Jane hoped to attend Smith, but her father wanted her close to home, so she attended Rockford Female Seminary (where he was a trustee), a school noted for graduating missionaries. Jane excelled at the seminary, developing a social conscience, becoming valedictorian, and gaining recognition as a leader. She learned to write and to speak in public, skills that would one day contribute to her celebrity. Giving speeches and writing 11 books and hundreds of essays, editorials, and columns, Addams grew famous.

Hull election disrupted by house fire; court questions if votes count - The Patriot Ledger

Hull election disrupted by house fire; court questions if votes count.

Posted: Thu, 18 May 2023 07:00:00 GMT [source]

To have significant impact, however, Addams realized that Hull-House needed to be more than a cultural and community center. The settlement started with a kindergarten, then added a day-care center, then an art studio. The early residents, who lived in the house to help the community, held reading groups and sewing classes. They also delivered babies, nursed the sick, prepared the dead for burial, and, from time to time, sheltered young women from abuse. The settlement house was modeled on that of Toynbee Hall in London, where the residents were men; Addams intended it to be a community of women residents, though some men were also residents over the years.

Addams read Leo Tolstoy’s My Religion, in which the great novelist confessed his personal failure and his commitment to Christian service and nonviolence, describing how he had found purpose and satisfaction living with peasants.

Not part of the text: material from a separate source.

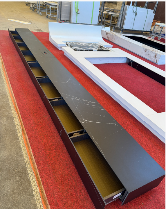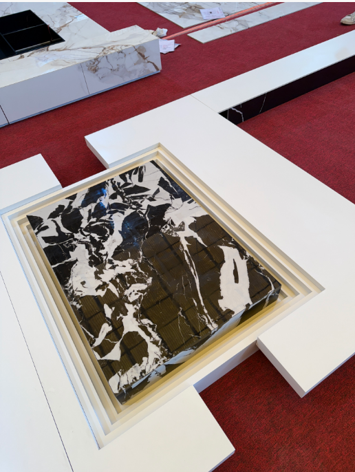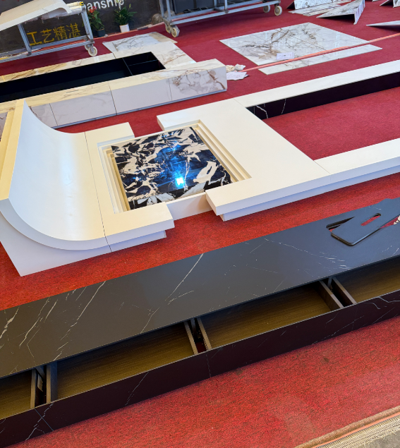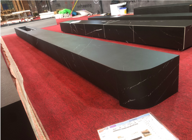 謝甫青說只做實實在在的定制加工,不做自有品牌銷售,可以覆蓋918到1.8m×3.2m全規(guī)格巖板加工,承接異形島臺、餐臺面、餐邊柜、樓梯踏步、廚房臺面復(fù)合蜂窩鋁等各類定制。

She traveled by horse-drawn omnibus to London’s impoverished East End and visited Toynbee Hall, an English settlement house, where Oxford and Cambridge graduates lived and worked among the destitute. After attending a bullfight in Spain in 1888 with a close friend, Ellen Gates Starr, Addams confided her dream that together they would plant a replica of Toynbee Hall amid the tenements of Chicago. In addition to her work at the Hull House, Addams began serving on Chicago's Board of Education in 1905, later chairing its the School Management Committee. Five years later, in 1910, she became the first female president of the National Conference of Charities and Corrections (later renamed the National Conference of Social Work).

Central heating, clean water, and artificial light became more widespread. In a pamphlet titled “The Excellent Becomes the Permanent,” Addams eulogized those who made Hull-House work. Looking for an educator-led tour for your classroom or organization? Jane Addams Hull-House Museum has partnered with Gail Borden Public Library District, Schaumburg Township District Library, Aurora Public Library, Arlington Heights Memorial Library, and Reaching Across Illinois Library System (RAILS) to pilot new virtual tours. Explore the two-floors of the Hull Mansion in beautiful 360-degrees.

Hull House took its name from the original mansion built by real estate developer Charles J. Hull in 1856. At one time located in a prestigious part of Chicago, by 1889 Halsted Street had descended into squalor in part due to the rapid and over-whelming influx of immigrants into the Near West Side neighborhood. In its dilapidation, Charles Hull granted his former home to niece Helen Culver, who in turn granted it to Addams on a 25-year rent-free lease. Sociologist Erik Schneiderhan notes the striking parallels between Addams and Barack Obama, who has cited “Jane Addams toiling in a Chicago settlement home” as an inspiration. A young, idealistic Obama sought purpose as a community organizer on Chicago’s South Side as did Jane Addams in the Nineteenth Ward. Each wrote books and was a privileged intellectual with a social conscience.